=== Data in this exercise ===
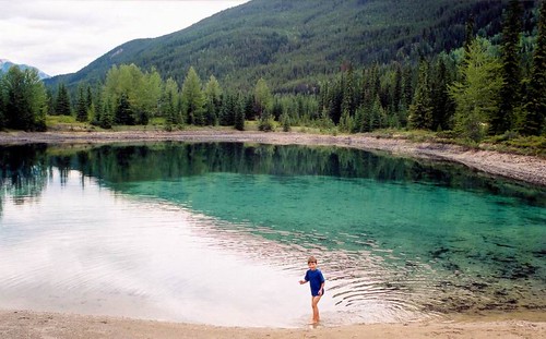 Вспомнили про гостиницу на Rogers Pass и решили ехать туда. По дороге опять делали много остановок, любовались горами, купались в озерах. Вспоминается интересное место Spiral tunnels. Суть его в том, что когда строили ж/д через горы, местечко около Rogers Pass оказалось таковым, что рельсы шли через него с наклоном больше 5%, так что когда поезд шел в гору, приходилось цеплять по три-четыре паровоза, а передний паровоз возвышался на 5 метров над последним вагоном. Вобщем, это все было трудно и опасно. Тогда инженеры придумали такой ход: удлиннить путь в два раза, уменьшив наклон в те же два раза. А где это сделать в горах? И сделали два кольцевых тунеля прямо в горе: поезд заезжает в такой тунель, а выезжает гораздо выше из другого его выхода. Вообще, поскольку хайвей часто идет паралельно железной дороге, видишь много ухишрений и проблем, которые пришлось преодолеть строителям.
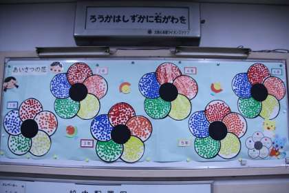 あいさつ週間にあわせて、「あいさつの花」の取り組みを行いました。「相手の目を見てできたか」「元気な声でできたか」など、自分自身のあいさつの仕方を振り返りました。気持ちの良いあいさつで、「あいさつの花」が満開です!
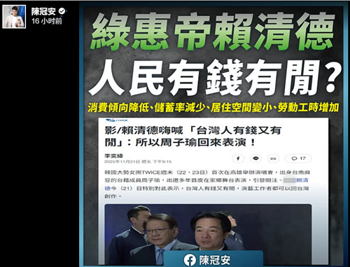 中国国民党青年部前主任陈冠安评论称,赖清德真是“绿惠帝”,根本是“何不食肉糜”翻版。他列举数据表示,台湾民众储蓄率已连续4年减少,2021年到2024年从25.23%下滑到23.73%。消费倾向从78.73%下降到76.27%,2024年的平均住宅坪数也创下2000年以来新低纪录。民众越来越穷,但有闲了吗?他说,赖清德同样错得离谱。根据台劳动部门数据,2024年每人每月平均工时达169.2小时,创6年新高,而每人每月加班工时8.5小时,更是10年最高,“人民有钱吗?”
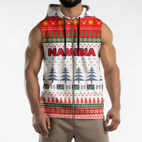 Order your Namibia Christmas Sleeveless Zip Hoodie with Red-Green Theme, Coat of Arms, and National Flag Motif by Wonder Print Shop today and discover the perfect mix of movement, comfort, and street-ready style.
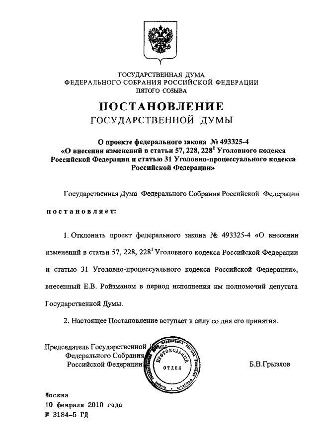 ПОСТАНОВЛЕНИЕ ГД ФС РФ от 10.02.2010 N 3184-5 ГД
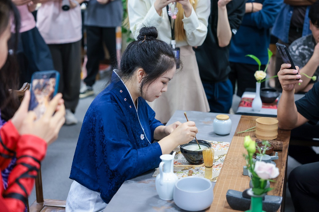 列具、炙茶、碾茶、罗茶、烧水、熁盏、置茶、候汤、调膏、点汤击拂、鉴赏汤花、闻香尝味。余辉老师现场为留成人电影 们表演点茶,用执壶往茶盏点水时,有节制,落点准,茶面均匀完整。点茶总共要注水七次,使茶末与水交融,动作虽然看起来差不多,但里面可大有乾坤,郭园老师从专业的角度进行讲解:“一汤是‘一念生、珠玑蕴色、流彩含羞’,二汤的时候,‘再思量、粟米粒粒、翠涛松声’,打击的速度要快要有力,这样泡沫才能如珍珠般……“
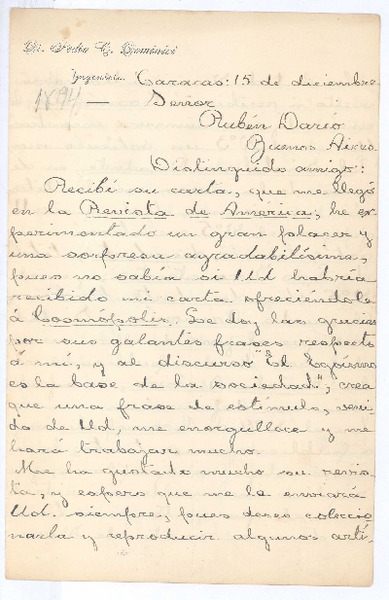 [Carta] 1894 diciembre 15, Caracas, Venezuela [a] Rubén Darío [manuscrito] Pedro César Dominici.
===
When you reproduce the entries above, keep every word exactly and leave out each picture.

 Вспомнили про гостиницу на Rogers Pass и решили ехать туда. По дороге опять делали много остановок, любовались горами, купались в озерах. Вспоминается интересное место Spiral tunnels. Суть его в том, что когда строили ж/д через горы, местечко около Rogers Pass оказалось таковым, что рельсы шли через него с наклоном больше 5%, так что когда поезд шел в гору, приходилось цеплять по три-четыре паровоза, а передний паровоз возвышался на 5 метров над последним вагоном. Вобщем, это все было трудно и опасно. Тогда инженеры придумали такой ход: удлиннить путь в два раза, уменьшив наклон в те же два раза. А где это сделать в горах? И сделали два кольцевых тунеля прямо в горе: поезд заезжает в такой тунель, а выезжает гораздо выше из другого его выхода. Вообще, поскольку хайвей часто идет паралельно железной дороге, видишь много ухишрений и проблем, которые пришлось преодолеть строителям.
 あいさつ週間にあわせて、「あいさつの花」の取り組みを行いました。「相手の目を見てできたか」「元気な声でできたか」など、自分自身のあいさつの仕方を振り返りました。気持ちの良いあいさつで、「あいさつの花」が満開です!
 中国国民党青年部前主任陈冠安评论称,赖清德真是“绿惠帝”,根本是“何不食肉糜”翻版。他列举数据表示,台湾民众储蓄率已连续4年减少,2021年到2024年从25.23%下滑到23.73%。消费倾向从78.73%下降到76.27%,2024年的平均住宅坪数也创下2000年以来新低纪录。民众越来越穷,但有闲了吗?他说,赖清德同样错得离谱。根据台劳动部门数据,2024年每人每月平均工时达169.2小时,创6年新高,而每人每月加班工时8.5小时,更是10年最高,“人民有钱吗?”
 Order your Namibia Christmas Sleeveless Zip Hoodie with Red-Green Theme, Coat of Arms, and National Flag Motif by Wonder Print Shop today and discover the perfect mix of movement, comfort, and street-ready style.
 ПОСТАНОВЛЕНИЕ ГД ФС РФ от 10.02.2010 N 3184-5 ГД
 列具、炙茶、碾茶、罗茶、烧水、熁盏、置茶、候汤、调膏、点汤击拂、鉴赏汤花、闻香尝味。余辉老师现场为留成人电影 们表演点茶,用执壶往茶盏点水时,有节制,落点准,茶面均匀完整。点茶总共要注水七次,使茶末与水交融,动作虽然看起来差不多,但里面可大有乾坤,郭园老师从专业的角度进行讲解:“一汤是‘一念生、珠玑蕴色、流彩含羞’,二汤的时候,‘再思量、粟米粒粒、翠涛松声’,打击的速度要快要有力,这样泡沫才能如珍珠般……“
 [Carta] 1894 diciembre 15, Caracas, Venezuela [a] Rubén Darío [manuscrito] Pedro César Dominici.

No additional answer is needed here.